┌─ DATA EXTRACTS

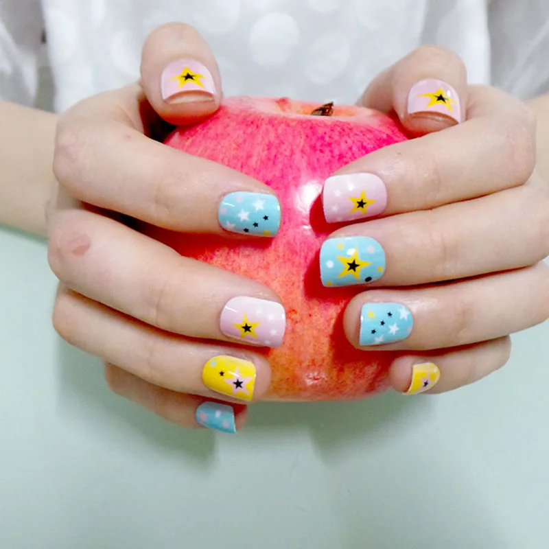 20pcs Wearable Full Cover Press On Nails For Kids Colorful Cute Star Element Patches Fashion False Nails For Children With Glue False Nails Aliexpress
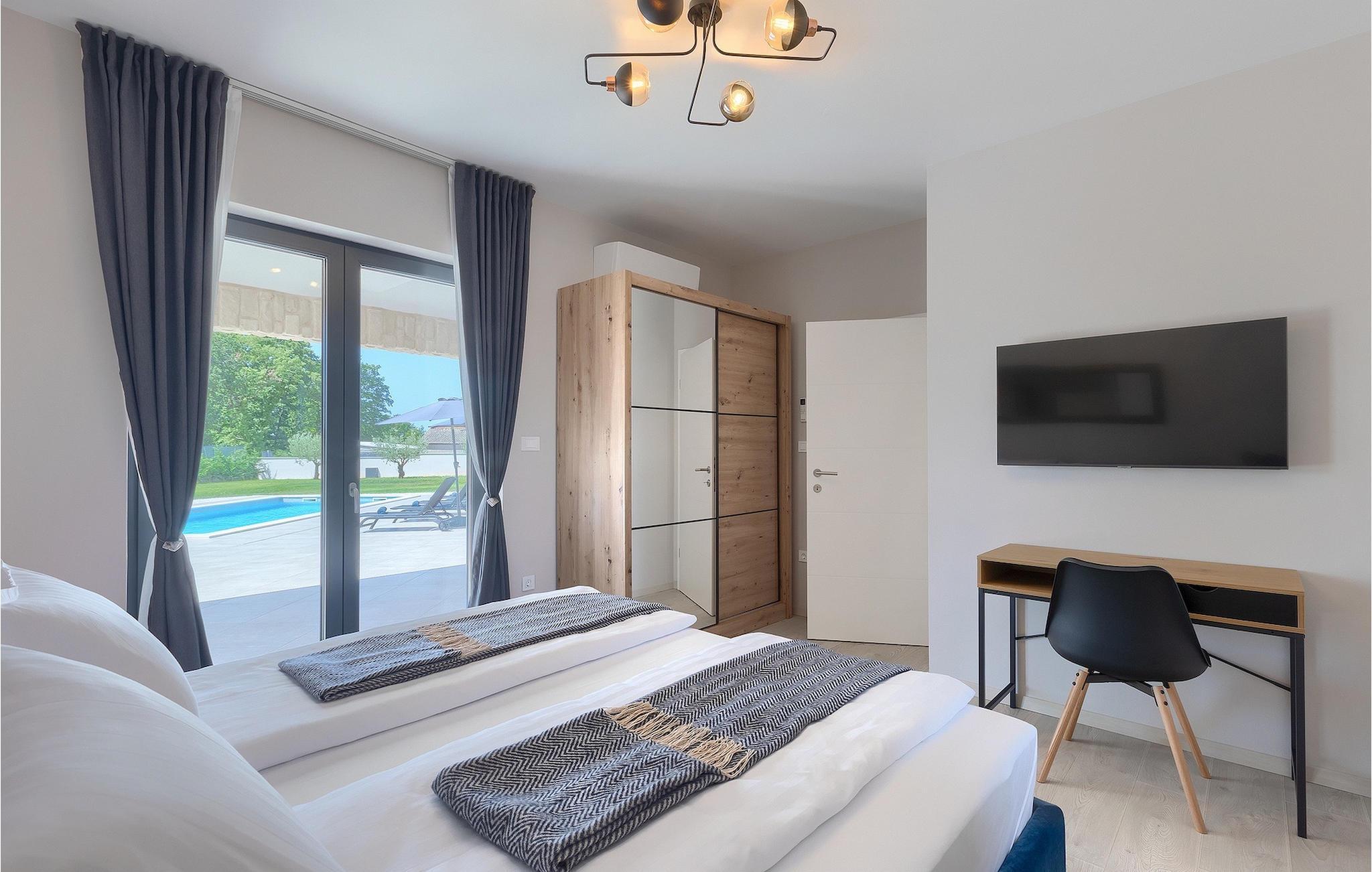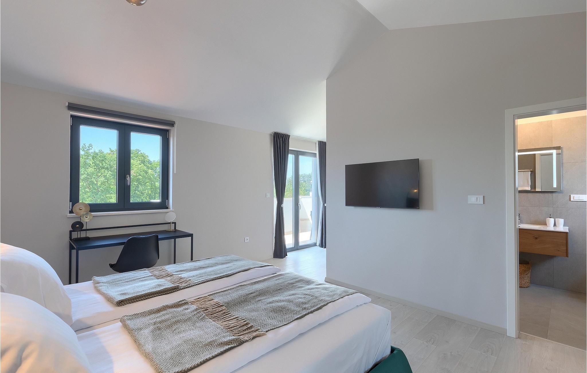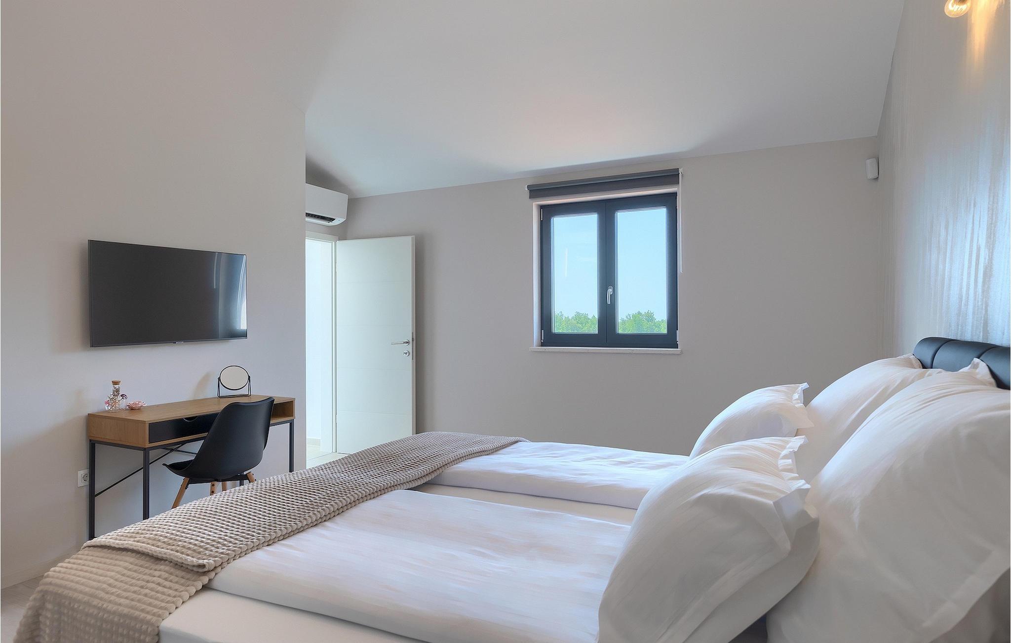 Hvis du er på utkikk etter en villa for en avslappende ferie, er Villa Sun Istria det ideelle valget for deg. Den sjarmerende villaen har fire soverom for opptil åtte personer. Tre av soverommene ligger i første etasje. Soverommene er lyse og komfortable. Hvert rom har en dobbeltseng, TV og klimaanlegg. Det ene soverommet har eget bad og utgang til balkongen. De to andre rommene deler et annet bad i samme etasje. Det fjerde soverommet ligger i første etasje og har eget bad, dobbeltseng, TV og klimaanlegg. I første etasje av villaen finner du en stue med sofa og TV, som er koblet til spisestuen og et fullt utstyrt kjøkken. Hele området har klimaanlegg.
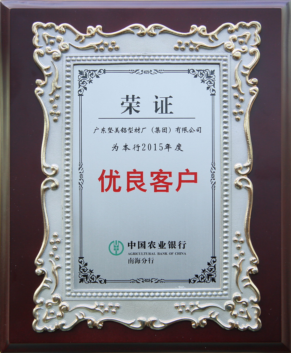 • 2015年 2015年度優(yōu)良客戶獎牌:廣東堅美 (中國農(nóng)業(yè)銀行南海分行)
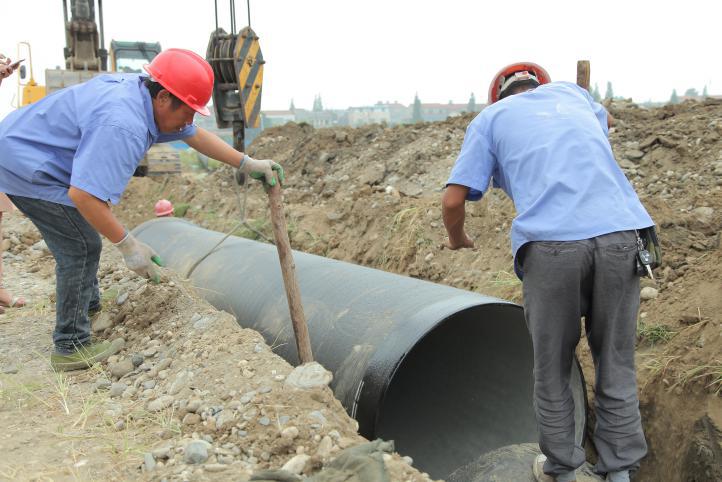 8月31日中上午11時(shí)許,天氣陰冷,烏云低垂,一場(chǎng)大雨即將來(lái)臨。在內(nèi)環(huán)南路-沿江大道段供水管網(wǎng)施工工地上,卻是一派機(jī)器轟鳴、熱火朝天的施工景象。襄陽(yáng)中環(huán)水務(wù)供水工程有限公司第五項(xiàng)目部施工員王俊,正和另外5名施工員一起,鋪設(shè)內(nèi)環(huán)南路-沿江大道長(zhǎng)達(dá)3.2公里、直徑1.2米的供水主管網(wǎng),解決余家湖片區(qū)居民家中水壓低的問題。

└─
┌─ DATA EXTRACTS

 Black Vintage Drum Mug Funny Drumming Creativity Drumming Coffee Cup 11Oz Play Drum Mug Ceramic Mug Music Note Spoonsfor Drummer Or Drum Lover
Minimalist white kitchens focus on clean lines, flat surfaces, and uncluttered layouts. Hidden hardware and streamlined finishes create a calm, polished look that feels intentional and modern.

└─

• **EXERCISE DESCRIPTION**:
In the entries above, find the line containing "20pcs Wearable Full" and the line containing "2015年 2015年度優(yōu)良客戶獎牌:廣東堅美 (中國農(nóng)業(yè)銀行南海分行)"; give again exactly those two lines and every line between them, minus the pictures.

• **REPLY TO THE TASK**:
 20pcs Wearable Full Cover Press On Nails For Kids Colorful Cute Star Element Patches Fashion False Nails For Children With Glue False Nails Aliexpress
 Hvis du er på utkikk etter en villa for en avslappende ferie, er Villa Sun Istria det ideelle valget for deg. Den sjarmerende villaen har fire soverom for opptil åtte personer. Tre av soverommene ligger i første etasje. Soverommene er lyse og komfortable. Hvert rom har en dobbeltseng, TV og klimaanlegg. Det ene soverommet har eget bad og utgang til balkongen. De to andre rommene deler et annet bad i samme etasje. Det fjerde soverommet ligger i første etasje og har eget bad, dobbeltseng, TV og klimaanlegg. I første etasje av villaen finner du en stue med sofa og TV, som er koblet til spisestuen og et fullt utstyrt kjøkken. Hele området har klimaanlegg.
 • 2015年 2015年度優(yōu)良客戶獎牌:廣東堅美 (中國農(nóng)業(yè)銀行南海分行)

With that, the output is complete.